Imran’s claims that the government plans to deradicalize the system by sending in 200,000 teachers to religious schools to teach secular subjects is just an eyewash. The Madrassas cannot be removed without an internal backlash including from the deep state, as terrorism is a major source of employment in the impoverished country. The groups and their leaders would remain underground till the loan is sanctioned before remerging and recommencing their activities.
Pak also released a document which lists actions to be undertaken by them to implement the UN 1267 sanctions committee. This has been done to ward off being placed on the FATF ‘Black List’. Their finance minister also commented that with India on the assessment panel, Pak would not get a fair hearing, words which have been ignored.
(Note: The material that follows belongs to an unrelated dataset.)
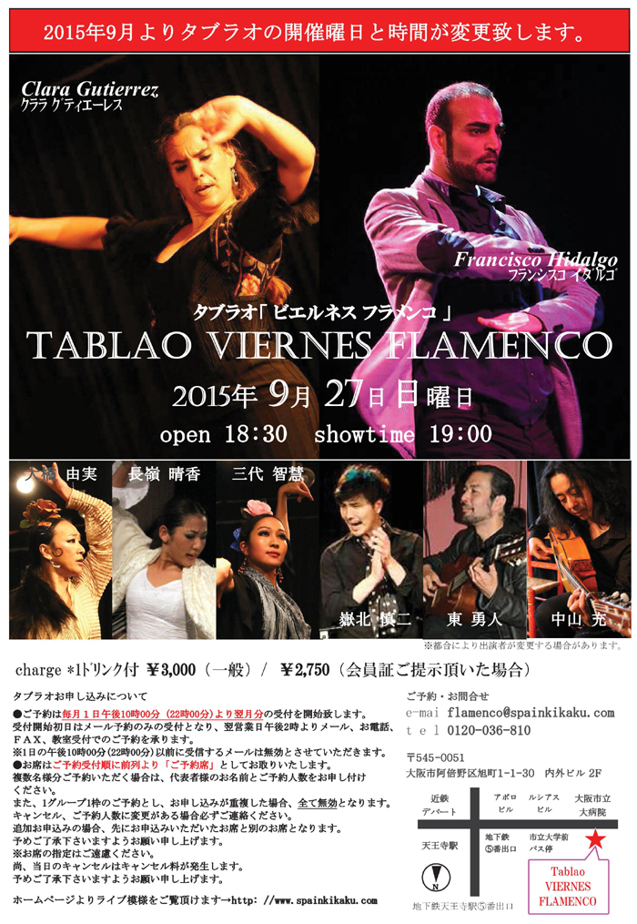 TABLAO VIERNES FLAMENCO 2015年9月27日(日) Open : 18:30 / Start : 19:00 Charge : ¥3,000- ※1Drink付 場所 : ビエルネス フラメンコ |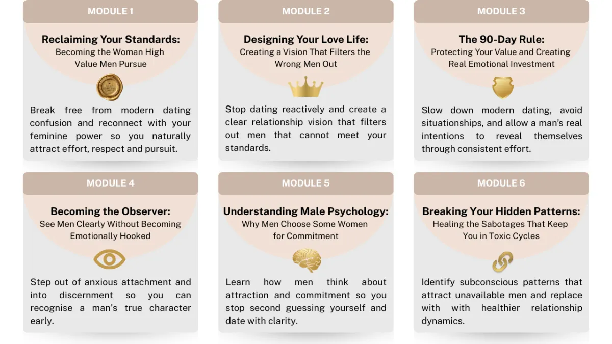 Many women unknowingly repeat patterns that attract avoidant or unavailable men. Inside the course you’ll learn how to identify those patterns and shift them so you start attracting men capable of real commitment.

The US and other world powers can never let this opportunity go. It is the best moment which they have had to make Pak accountable in a long time. It can satisfy the world only if it brings perpetrators of Mumbai and Pathankot attacks to justice as also hands over all Taliban leaders on a platter. Granting the loan and not placing it on the ‘Black List’ would be an injustice to the war against terror. If the US desires to exit Afghanistan with honour and end terrorism in South Asia, this is the opportune moment. If it lets it go, such an opportunity may not come again.
Disclaimer:- Views expressed are of the author and do not necessarily reflect the views of CENJOWS.